Teresa H. Meng
- Associated organizations
- Stanford University
- Fields of study
- Signal processing
- Awards
- IEEE Alexander Graham Bell Medal History
Innovator of the Year in 2002
CIO 20/20 Vision Award in 2002
DEMO@15 World-Class Innovator Award in 2005
2008 Pederson Award
NSF Presidential Young Investigator Award
ONR Young Investigator Award
IBM Faculty Development Award
Bosch Faculty Scholar Award
Best Paper Award
Distinguished Lecturer Award from the IEEE Signal Processing Society
Eli Jury Award from U.C. Berkeley
Biography
An engineer, scholar and entrepreneur who saw the potential for combining digital signal processing (DSP) and radio-frequency (RF) circuitry on a single chip, Teresa H. Meng enabled the wireless freedom needed for universal personalized network access through wireless communications. Dr. Meng’s strategy of integrating DSP and RF in standard CMOS technology has become the basis of today’s lower-cost, lower-power and higher-performing wireless systems.

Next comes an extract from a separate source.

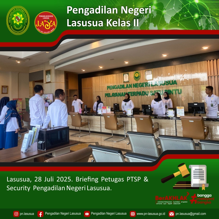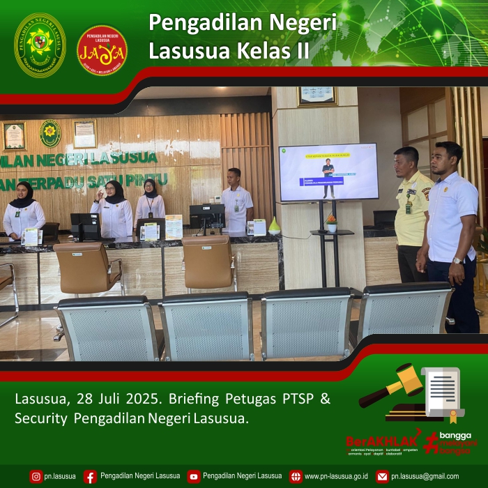 Lasusua, 28 Juli 2025 - Bertempat di Ruang PTSP Kantor Pengadilan Negeri Lasusua, dilaksanakan Briefing Petugas PTSP dan Security Pengadilan Negeri Lasusua. Briefing dipimpin oleh Hakim Pengawas PTSP, Panitera, Para Panitera Muda Pengadilan Negeri Lasusua.

In 1999, while on leave from Stanford University, Dr. Meng founded Atheros Communications to produce high-volume, inexpensive integrated chips for wireless local area network (WLAN) applications, enabling WLANs to move from specialized to widespread use, such as in office and home environments. After returning to Stanford in 2001, Dr. Meng has focused her research efforts on bio-implant technologies, neural prosthetics and noninvasive medical treatments using focused EM energy. She returned to Stanford in 2000 to continue her teaching and turned her research to applying signal processing and IC design to bio-medical engineering. Professor Meng retired from Stanford in 2013.
She received her M.S. and Ph.D. in EECS from the University of California at Berkeley and her B.S. from National Taiwan University. Dr. Meng is an IEEE Fellow, a member of the National Academy of Engineering and currently the Reid Weaver Dennis Professor of Electrical Engineering at Stanford University, Stanford, California.